Gianluca Turcatel, PhD, and David Warburton, MD, of the Keck School of Medicine have joined fellow researchers at USC to develop a new tool to peer more deeply and clearly into living things, a visual advantage that saves time and helps advance medical cures.

It’s the sort of foundational science that can be used to develop better diagnostics and treatments, including detecting lung cancer or damage from pollutants. The technology is versatile enough to potentially be used for a smartphone app for use in remote medicine, food safety or counterfeit currency detection, said Francesco Cutrale, lead author of the study and research assistant professor of biomedical engineering at the USC Viterbi School of Engineering.

These scientists and more, affiliated with the USC Michelson Center for Convergent Bioscience, have been working on the technology for the past few years. Their findings have just been published in Nature Communications.

The technique focuses on the building blocks of biology. When biologists look deeply into a living thing, it’s not always clear what’s going on. Cells and proteins are deeply intertwined across tissues, leaving lots of questions about the interactions between components. The first step to curing disease is seeing the problem clearly, and that’s not always easy.

 

How the new imaging technology works

Researchers have been relying on a technique called fluorescence hyperspectral imaging (fHSI). It’s a method that can differentiate colors across a spectrum, tag molecules so they can be followed, and produce vividly colored images of an organism’s insides.

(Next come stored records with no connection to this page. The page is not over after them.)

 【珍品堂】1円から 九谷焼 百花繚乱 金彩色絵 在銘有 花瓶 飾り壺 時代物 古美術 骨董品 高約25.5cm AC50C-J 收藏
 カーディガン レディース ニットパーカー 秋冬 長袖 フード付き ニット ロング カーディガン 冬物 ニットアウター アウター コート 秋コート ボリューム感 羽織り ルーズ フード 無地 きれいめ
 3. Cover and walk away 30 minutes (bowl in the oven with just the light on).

But the advantages that fHSI offers come with limitations. It doesn’t necessarily reveal the full-color spectrum. It requires lots of data, due to the complexity of biological systems, so it takes a long time to gather and process the images. Many time-consuming calculations are also involved, which is a big drawback because experiments work better when they can be done in real time.

To solve those problems, the USC researchers developed a new method called spectrally encoded enhanced representations (SEER). It provides greater clarity and works up to 67 times faster and at 2.7 times greater definition than present techniques.

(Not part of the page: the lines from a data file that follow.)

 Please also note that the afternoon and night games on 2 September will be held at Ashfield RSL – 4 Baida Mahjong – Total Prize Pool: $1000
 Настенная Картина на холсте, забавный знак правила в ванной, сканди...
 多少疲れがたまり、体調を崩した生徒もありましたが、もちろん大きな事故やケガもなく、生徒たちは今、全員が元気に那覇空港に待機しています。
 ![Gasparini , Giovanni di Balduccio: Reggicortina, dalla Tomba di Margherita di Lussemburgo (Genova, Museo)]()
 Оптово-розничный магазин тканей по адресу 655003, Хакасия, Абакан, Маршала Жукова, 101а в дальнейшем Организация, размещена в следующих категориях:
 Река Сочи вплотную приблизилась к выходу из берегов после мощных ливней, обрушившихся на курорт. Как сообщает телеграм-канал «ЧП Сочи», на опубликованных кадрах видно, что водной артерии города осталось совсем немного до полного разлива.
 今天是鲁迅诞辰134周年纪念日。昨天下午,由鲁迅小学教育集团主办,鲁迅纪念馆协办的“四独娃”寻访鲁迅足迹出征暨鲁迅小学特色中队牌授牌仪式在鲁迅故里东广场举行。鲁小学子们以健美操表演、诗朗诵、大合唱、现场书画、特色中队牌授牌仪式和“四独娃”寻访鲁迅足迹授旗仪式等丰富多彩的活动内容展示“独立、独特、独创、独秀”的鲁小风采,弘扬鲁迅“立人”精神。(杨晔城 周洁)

It relies on mathematical computations to parse the data faster. It can process vibrant fluorescent tags across the full spectrum of colors for more detail. And it uses much less computer memory storage, even more important with the explosion of big data research behind modern convergent bioscience research. According to the study, SEER is a “fast, intuitive and mathematical way” to interpret images as they are collected and processed.

 

From detecting lung cancer to a potential smartphone app

SEER’s first application will be in the medical and research field. The versatile algorithm, first authored by Wen Shi and Daniel Koo at the Translational Imaging Center of USC, will be used for detecting early stages of lung disease and potential damage from pollutants in patients in a collaboration with doctors at Children’s Hospital Los Angeles.

Improvements in imaging technologies can also reach the consumer level, so it’s likely that technologies such as fHSI and SEER could be installed on smartphones to provide powerful visualization tools.

The Michelson Center brought together the diverse research team responsible for this development thanks to a generous $50 million gift from orthopedic spinal surgeon, inventor and philanthropist Gary K. Michelson and his wife, Alya Michelson.

— Gary Polakovic

The study authors include Cutrale and Wen Shi, Daniel Koo, Masahiro Kitano, Hsiao Chiang, Le Trinh, Cosimo Arnesano and Scott Fraser of USC; Gianluca Turcatel and David Warburton of the Keck School and the Saban Research Institute of Children’s Hospital Los Angeles; and Benjamin Steventon of the University of Cambridge.

The study was supported by a Department of Defense grant (PR150666) and USC.